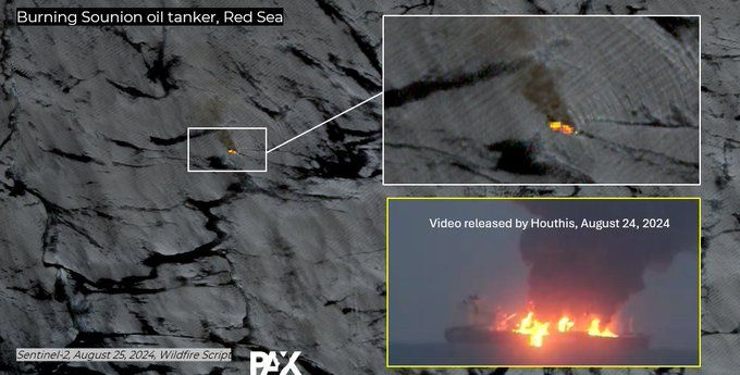 أظهرت صور حديثة ملتقطة عبر الأقمار الصناعية استمرار حرائق سفينة “SOUNION” في البحر الأحمر، والتي استهدفتها القوات المسلحة اليمنية قبل عدة أيام. جاء الاستهداف بعد أن خرقت الشركة المالكة للسفينة قرار حظر الملاحة إلى موانئ كيان الاحتلال الإسرائيلي.
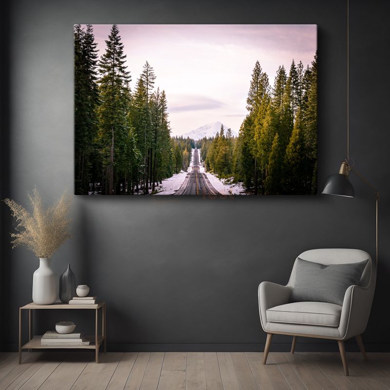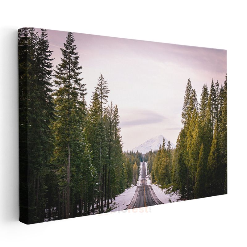 Kış Yolu - Çam Ormanları Arasında Kanvas Tablo
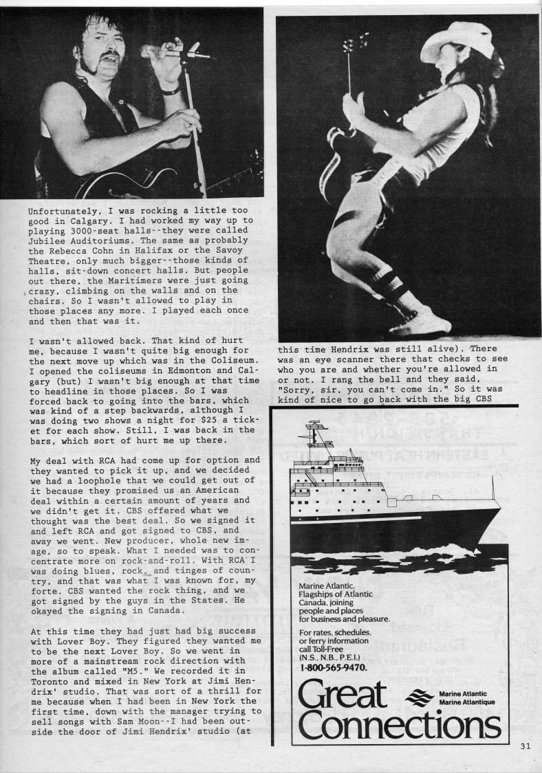Published by Ronald Caplan on 1988/8/1 (287 reads)Unfortunately, I was rocking a little too good in Calgary. I had worked my way up to playing 3000-seat halls--they were called Jubilee Auditoriums. The same as probably the Rebecca Cohn in Halifax or the Savoy Theatre, only much bigger--those kinds of halls, sit-down concert halls. But people out there, the Maritimers were just going ,crazy, climbing on the walls and on the chairs. So I wasn't allowed to play in those places any more. I played each once and then that was it. I wasn't allowed back. That kind of hurt me, because I wasn't quite big enough for the next move up which was in the Coliseum. I opened the coliseums in Edmonton and Cal? gary (but) I wasn't big enough at that time to headline in those places. So I was forced back to going into the bars, which was kind of a step backwards, although I was doing two shows a night for $25 a tick? et for each show. Still, I was back in the bars, which sort of hurt me up there. My deal with RCA had come up for option and they wanted to pick it up, and we decided we had a loophole that we could get out of it because they promised us an American deal within a certain amount of years and we didn't get it. CBS offered what we thought was the best deal. So we signed it and left RCA and got signed to CBS, and away we went. New producer, whole new im? age, so to speak. What I needed was to con? centrate more on rock-and-roll. With RCA' I was doing blues, rock, and tinges of coun? try, and that was what I was known for, my forte. CBS wanted the rock thing, and we got signed by the guys in the States. He okayed the signing in Canada. At this time they had just had big success with Lover Boy. They figured they wanted me to be the next Lover Boy. So we went in more of a mainstream rock direction with the album called "M5." We recorded it in Toronto and mixed in New York at Jimi Hen- drix' studio. That was sort of a thrill for me because when I had been in New York the first time, down with the manager trying to sell songs with Sam Moon--I had been out? side the door of Jimi Hendrix' studio (at this time Hendrix was still alive). There was an eye scanner there that checks to see who you are and whether you're allowed in or not. I rang the bell and they said, "Sorry, sir, you can't come in." So it was kind of nice to go back with the big CBS Marine Atlantic, Flagships of Atlantic Canada, joining people and places for business and pleasure. For rates, schedules, or ferry information call Toil-Free (N.S., N.B., P:E.I.) 1-800-565'470. Great Marine Atlantic Marine Atlantique (jonnections
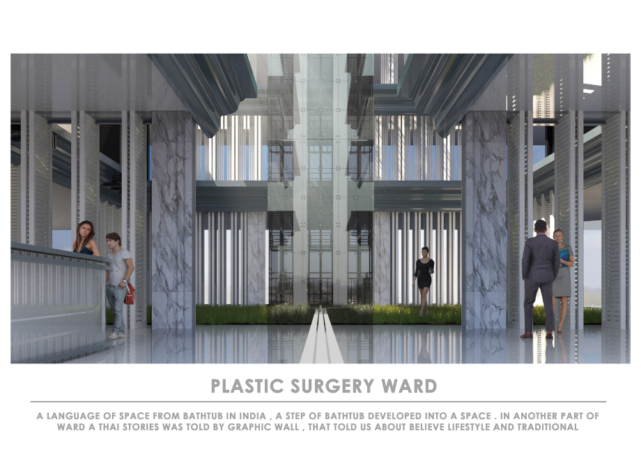 ซึ่งสิ่งแรกที่เราเห็นคือ การเปลี่ยนมุมมองค่านิยมที่ถูกมองว่าไม่ดี ให้เห็นด้านอื่นที่สามารถทำเพื่อสังคมได้ โดยการออกแบบสำหรับผู้เข้าใช้งานหลัก 2 กลุ่ม ที่ได้ประโยชน์จากการรักษาและวัยที่ต่างกัน จากผู้ใหญ่ที่ศัลยกรรมเพื่อความพึงพอใจ สามารถทำบุญส่งต่อให้เด็กเข้ามาศัลยกรรมเพื่อรักษาความพิการได้ ทำให้ศัลยกรรมเป็นแนวทางเยียวยาทั้งร่างกายและจิตใจของคนทั้งสองกลุ่มได้ และเป็นการรวมหน่วยแพทย์ผู้ให้การรักษาเฉพาะทางไว้เป็นศูนย์การแพทย์เฉพาะทางในที่เดียว
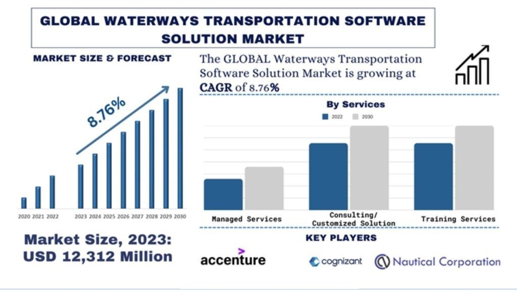 The report suggests that furthermore, globalization and ever ever-increasing complexity of supply chains are some of the major factors driving the waterway transportation software solution to help optimize operational efficiency while minimizing the cost. Waterway transportation software solutions provide real-time tracking capabilities, enabling stakeholders to monitor cargo movements, anticipate potential disruptions, and make informed decisions to mitigate risks and optimize supply chain operations. Additionally, the waterway transportation industry generates vast amounts of data, and leveraging this data effectively is crucial for informed decision-making. Advanced software solutions incorporate powerful analytics and reporting capabilities, empowering stakeholders to gain valuable insights, identify trends, and make data-driven decisions that drive growth and profitability. Factors such as these are developing a favorable environment for the widespread adoption of waterway transportation software solutions.
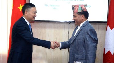 काठमाडौं । नेपाल र चीनका परराष्ट्र मन्त्रालयहरूबीचको कूटनीतिक परामर्श संयन्त्रको १६औँ बैठक आज काठमाडौँमा सम्पन्न भएको छ । बैठकमा नेपाली प्रतिनिधिमण्डलको नेतृत्व परराष्ट्र मन्त्रालयका सचिव सेवा लम्साल र चिनियाँ प्रतिनिधिमण्डलको नेतृत्व चीनका उपविदेशमन्त्री सुन वेइतोङले गरेका थिए । बैठकमा नेपाल र चीनबीचको द्विपक्षीय सम्बन्धका समग्र पक्षबारे समीक्षा गर्नुका साथै विगतमा भएका सम्झौता र समझदारीपत्रको कार्यान्वयनमा…

→ **WHAT YOU HAVE TO DO**:
Leave the pictures out, and print every line of the listing exactly as written.

→ **OUTPUT OF THE TASK**:
 أظهرت صور حديثة ملتقطة عبر الأقمار الصناعية استمرار حرائق سفينة “SOUNION” في البحر الأحمر، والتي استهدفتها القوات المسلحة اليمنية قبل عدة أيام. جاء الاستهداف بعد أن خرقت الشركة المالكة للسفينة قرار حظر الملاحة إلى موانئ كيان الاحتلال الإسرائيلي.
 Kış Yolu - Çam Ormanları Arasında Kanvas Tablo
Published by Ronald Caplan on 1988/8/1 (287 reads)Unfortunately, I was rocking a little too good in Calgary. I had worked my way up to playing 3000-seat halls--they were called Jubilee Auditoriums. The same as probably the Rebecca Cohn in Halifax or the Savoy Theatre, only much bigger--those kinds of halls, sit-down concert halls. But people out there, the Maritimers were just going ,crazy, climbing on the walls and on the chairs. So I wasn't allowed to play in those places any more. I played each once and then that was it. I wasn't allowed back. That kind of hurt me, because I wasn't quite big enough for the next move up which was in the Coliseum. I opened the coliseums in Edmonton and Cal? gary (but) I wasn't big enough at that time to headline in those places. So I was forced back to going into the bars, which was kind of a step backwards, although I was doing two shows a night for $25 a tick? et for each show. Still, I was back in the bars, which sort of hurt me up there. My deal with RCA had come up for option and they wanted to pick it up, and we decided we had a loophole that we could get out of it because they promised us an American deal within a certain amount of years and we didn't get it. CBS offered what we thought was the best deal. So we signed it and left RCA and got signed to CBS, and away we went. New producer, whole new im? age, so to speak. What I needed was to con? centrate more on rock-and-roll. With RCA' I was doing blues, rock, and tinges of coun? try, and that was what I was known for, my forte. CBS wanted the rock thing, and we got signed by the guys in the States. He okayed the signing in Canada. At this time they had just had big success with Lover Boy. They figured they wanted me to be the next Lover Boy. So we went in more of a mainstream rock direction with the album called "M5." We recorded it in Toronto and mixed in New York at Jimi Hen- drix' studio. That was sort of a thrill for me because when I had been in New York the first time, down with the manager trying to sell songs with Sam Moon--I had been out? side the door of Jimi Hendrix' studio (at this time Hendrix was still alive). There was an eye scanner there that checks to see who you are and whether you're allowed in or not. I rang the bell and they said, "Sorry, sir, you can't come in." So it was kind of nice to go back with the big CBS Marine Atlantic, Flagships of Atlantic Canada, joining people and places for business and pleasure. For rates, schedules, or ferry information call Toil-Free (N.S., N.B., P:E.I.) 1-800-565'470. Great Marine Atlantic Marine Atlantique (jonnections
 ซึ่งสิ่งแรกที่เราเห็นคือ การเปลี่ยนมุมมองค่านิยมที่ถูกมองว่าไม่ดี ให้เห็นด้านอื่นที่สามารถทำเพื่อสังคมได้ โดยการออกแบบสำหรับผู้เข้าใช้งานหลัก 2 กลุ่ม ที่ได้ประโยชน์จากการรักษาและวัยที่ต่างกัน จากผู้ใหญ่ที่ศัลยกรรมเพื่อความพึงพอใจ สามารถทำบุญส่งต่อให้เด็กเข้ามาศัลยกรรมเพื่อรักษาความพิการได้ ทำให้ศัลยกรรมเป็นแนวทางเยียวยาทั้งร่างกายและจิตใจของคนทั้งสองกลุ่มได้ และเป็นการรวมหน่วยแพทย์ผู้ให้การรักษาเฉพาะทางไว้เป็นศูนย์การแพทย์เฉพาะทางในที่เดียว
 The report suggests that furthermore, globalization and ever ever-increasing complexity of supply chains are some of the major factors driving the waterway transportation software solution to help optimize operational efficiency while minimizing the cost. Waterway transportation software solutions provide real-time tracking capabilities, enabling stakeholders to monitor cargo movements, anticipate potential disruptions, and make informed decisions to mitigate risks and optimize supply chain operations. Additionally, the waterway transportation industry generates vast amounts of data, and leveraging this data effectively is crucial for informed decision-making. Advanced software solutions incorporate powerful analytics and reporting capabilities, empowering stakeholders to gain valuable insights, identify trends, and make data-driven decisions that drive growth and profitability. Factors such as these are developing a favorable environment for the widespread adoption of waterway transportation software solutions.
 काठमाडौं । नेपाल र चीनका परराष्ट्र मन्त्रालयहरूबीचको कूटनीतिक परामर्श संयन्त्रको १६औँ बैठक आज काठमाडौँमा सम्पन्न भएको छ । बैठकमा नेपाली प्रतिनिधिमण्डलको नेतृत्व परराष्ट्र मन्त्रालयका सचिव सेवा लम्साल र चिनियाँ प्रतिनिधिमण्डलको नेतृत्व चीनका उपविदेशमन्त्री सुन वेइतोङले गरेका थिए । बैठकमा नेपाल र चीनबीचको द्विपक्षीय सम्बन्धका समग्र पक्षबारे समीक्षा गर्नुका साथै विगतमा भएका सम्झौता र समझदारीपत्रको कार्यान्वयनमा…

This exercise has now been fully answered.